# Instructions to follow
What you return should be every line below, word for word, and none of the images.

# Provided data
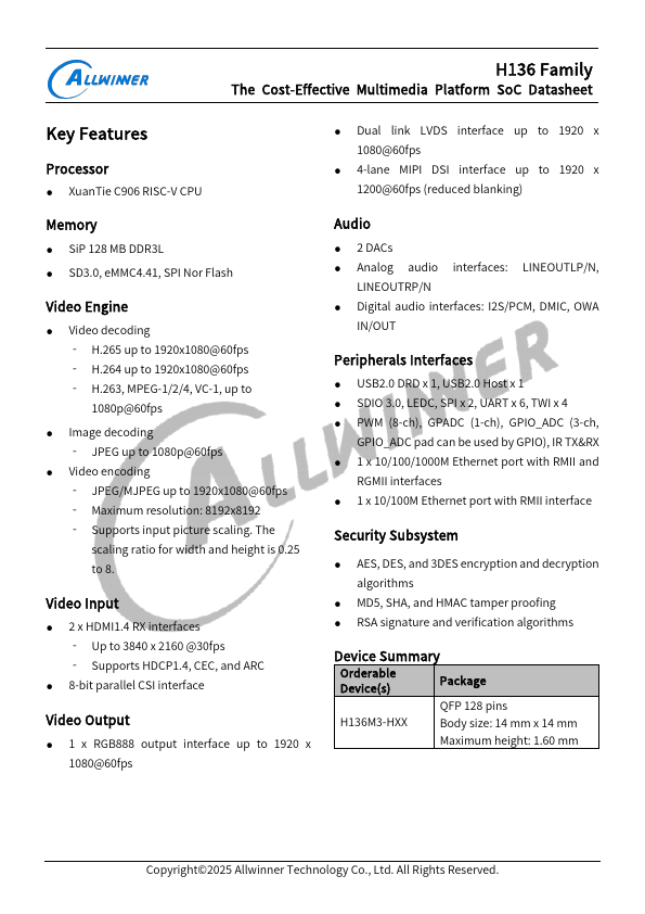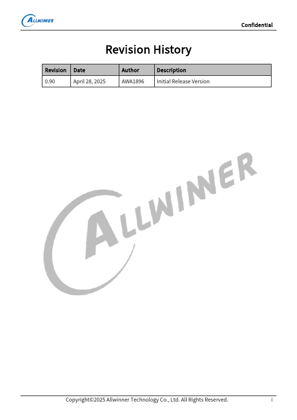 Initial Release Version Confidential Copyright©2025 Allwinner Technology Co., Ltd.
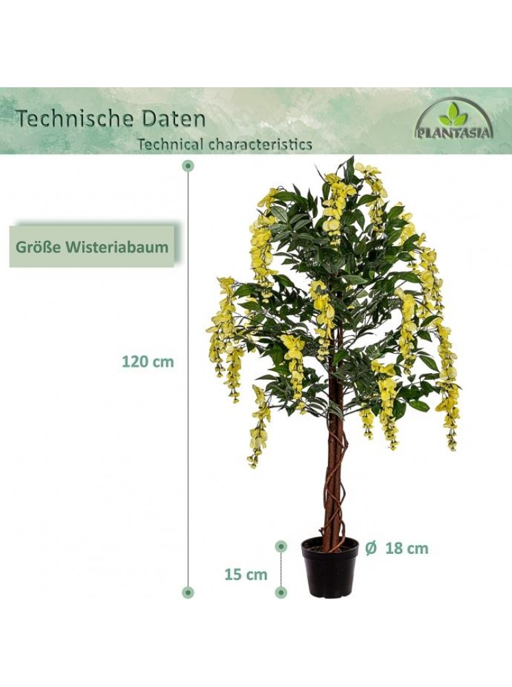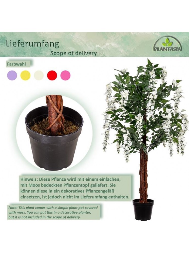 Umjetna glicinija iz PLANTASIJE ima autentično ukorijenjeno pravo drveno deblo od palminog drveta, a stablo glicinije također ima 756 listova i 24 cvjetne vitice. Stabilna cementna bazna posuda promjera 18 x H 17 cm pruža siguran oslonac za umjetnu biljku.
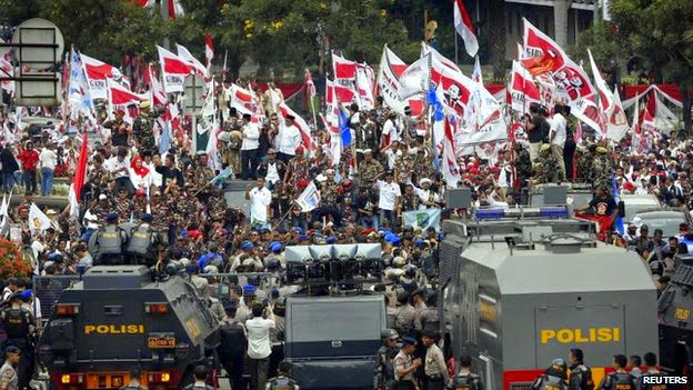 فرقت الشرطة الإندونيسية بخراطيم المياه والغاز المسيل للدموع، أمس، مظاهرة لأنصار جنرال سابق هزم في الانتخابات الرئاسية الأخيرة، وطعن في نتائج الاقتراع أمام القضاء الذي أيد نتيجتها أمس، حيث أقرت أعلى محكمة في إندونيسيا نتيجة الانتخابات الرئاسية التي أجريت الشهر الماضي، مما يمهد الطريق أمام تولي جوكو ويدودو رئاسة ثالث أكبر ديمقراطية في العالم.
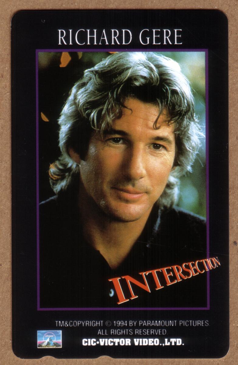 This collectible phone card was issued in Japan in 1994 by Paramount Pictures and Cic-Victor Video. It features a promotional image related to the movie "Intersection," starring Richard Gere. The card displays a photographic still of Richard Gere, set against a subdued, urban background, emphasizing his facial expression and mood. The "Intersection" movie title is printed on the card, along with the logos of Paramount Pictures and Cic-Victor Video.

# Task response
 Initial Release Version Confidential Copyright©2025 Allwinner Technology Co., Ltd.
 Umjetna glicinija iz PLANTASIJE ima autentično ukorijenjeno pravo drveno deblo od palminog drveta, a stablo glicinije također ima 756 listova i 24 cvjetne vitice. Stabilna cementna bazna posuda promjera 18 x H 17 cm pruža siguran oslonac za umjetnu biljku.
 فرقت الشرطة الإندونيسية بخراطيم المياه والغاز المسيل للدموع، أمس، مظاهرة لأنصار جنرال سابق هزم في الانتخابات الرئاسية الأخيرة، وطعن في نتائج الاقتراع أمام القضاء الذي أيد نتيجتها أمس، حيث أقرت أعلى محكمة في إندونيسيا نتيجة الانتخابات الرئاسية التي أجريت الشهر الماضي، مما يمهد الطريق أمام تولي جوكو ويدودو رئاسة ثالث أكبر ديمقراطية في العالم.
 This collectible phone card was issued in Japan in 1994 by Paramount Pictures and Cic-Victor Video. It features a promotional image related to the movie "Intersection," starring Richard Gere. The card displays a photographic still of Richard Gere, set against a subdued, urban background, emphasizing his facial expression and mood. The "Intersection" movie title is printed on the card, along with the logos of Paramount Pictures and Cic-Victor Video.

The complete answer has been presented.